Starting iterations at some arbitrary point $x^0$ gives
\[f(x^{k+1}) = f\left(x^k - \frac 1 L \nabla f(x^k)\right) \le f(x^k) - \frac 1 {2L} ||\nabla f(x^k)||^2\]Proof: Since $f$ is $L$-smooth, we have the bound
\[f(y) - f(x) - \nabla f(x)^\top (y - x) \le \frac L 2 ||y - x||^2\]For every $x$ and $y$. Letting $y = x + \frac 1 L \nabla f(x)$, $\alpha = \frac 1 L$ and rearranging, we obtain:
\[f\left(x^k - \frac 1 L \nabla f(x^k)\right) \le f(x^k) - \frac 1 {2L} ||\nabla f(x^k)||^2\]Suppose:
- $f : \mathbb R^n \to \mathbb R$ is $L$-smooth
- We wish to solve the optimisation problem $\min _ {x \in \mathbb R^n} f(x)$ using steepest descent updates $x^{k+1} = x^k - \frac 1 L \nabla f(x^k)$
@State the general results about the convergence of steepest descent given increasingly strict conditions on $f$.
- For general $f$, $(\nabla f(x^k))) _ {k \in \mathbb N} \to 0$ sublinearly with rate $O(1/\sqrt k)$.

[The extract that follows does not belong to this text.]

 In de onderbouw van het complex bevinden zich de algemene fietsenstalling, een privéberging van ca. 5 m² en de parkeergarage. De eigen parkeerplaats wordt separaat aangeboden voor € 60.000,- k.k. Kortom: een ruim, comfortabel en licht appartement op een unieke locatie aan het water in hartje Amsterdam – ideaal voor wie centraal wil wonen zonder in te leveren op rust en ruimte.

- For convex $f$, $(f(x^k) - f(x^\ast)) _ {k \in \mathbb N} \to 0$ sublinearly with rate $O(1/k)$.
- For $\gamma$-strongly convex $f$, $(f(x^k) - f(x^\ast)) _ {k \in \mathbb N} \to 0$ $Q$-linearly with rate $(1 - \gamma/L)$.

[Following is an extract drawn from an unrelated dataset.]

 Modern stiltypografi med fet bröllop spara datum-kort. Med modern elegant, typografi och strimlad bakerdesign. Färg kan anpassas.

Fixed-step convergence in general case
Suppose:
- $f : \mathbb R^n \to \mathbb R$ is $L$-smooth
- We wish to solve the optimisation problem $\min _ {x \in \mathbb R^n} f(x)$ using steepest descent updates $x^{k+1} = x^k - \frac 1 L \nabla f(x^k)$
@State a result about the convergence of steepest descent in the general case.

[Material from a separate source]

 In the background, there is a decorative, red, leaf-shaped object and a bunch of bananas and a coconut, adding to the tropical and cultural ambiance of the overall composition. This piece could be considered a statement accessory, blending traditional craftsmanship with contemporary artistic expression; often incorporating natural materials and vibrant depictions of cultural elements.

If $f$ is bounded below by $C$, then steepest descent satisfies
\[\min _ {0 \le k \le T - 1} || \nabla f(x^k)|| \le \sqrt{\frac{2L(f(x^0) - C)}{T} }\]for all $T \ge 1$.
Suppose:
- $f : \mathbb R^n \to \mathbb R$ is $L$-smooth
- We wish to solve the optimisation problem $\min _ {x \in \mathbb R^n} f(x)$
- The step size $\alpha _ k$ is fixed at $1/L$.
- $f$ is bounded below by $C$
@Prove that then
\[\min _ {0 \le k \le T - 1} || \nabla f(x^k)|| \le \sqrt{\frac{2L(f(x^0) - C)}{T} }\]
for all $T \ge 1$.
The foundational inequality of steepest descent says that:
\[f(x^{k+1}) = f\left(x^k - \frac 1 L \nabla f(x^k)\right) \le f(x^k) - \frac 1 {2L} ||\nabla f(x^k)||^2\]for all $k \ge 1$. Therefore
\[\begin{aligned} \sum^{T-1} _ {k = 0} ||\nabla f(x^k)||^2 &\le 2L \sum^{T-1} _ {k = 0} [f(x^k) - f(x^{k+1})] \\\\ &= 2L(f(x^0) - f(x^T)) \end{aligned}\]as the sum telescopes. Thus
\[\begin{aligned} \min _ {0 \le k \le T - 1} || \nabla f(x^k)|| &\le \sqrt{\frac{1}{T} \sum^{T-1} _ {k = 0} ||\nabla f(x^k)||^2} \\\\ &\le \sqrt{\frac{2L(f(x^0) - f^T)}{T} } \\\\ &\le \sqrt{\frac{2L(f(x^0) - C)}{T} } \end{aligned}\]as required.
Fixed-step convergence in convex case
Suppose:
- $f : \mathbb R^n \to \mathbb R$ is $L$-smooth and convex
- We wish to solve the optimisation problem $\min _ {x \in \mathbb R^n} f(x)$
- The step size $\alpha _ k$ is fixed at $1/L$.
@State a result about the convergence of steepest descent in this $L$-smooth convex case.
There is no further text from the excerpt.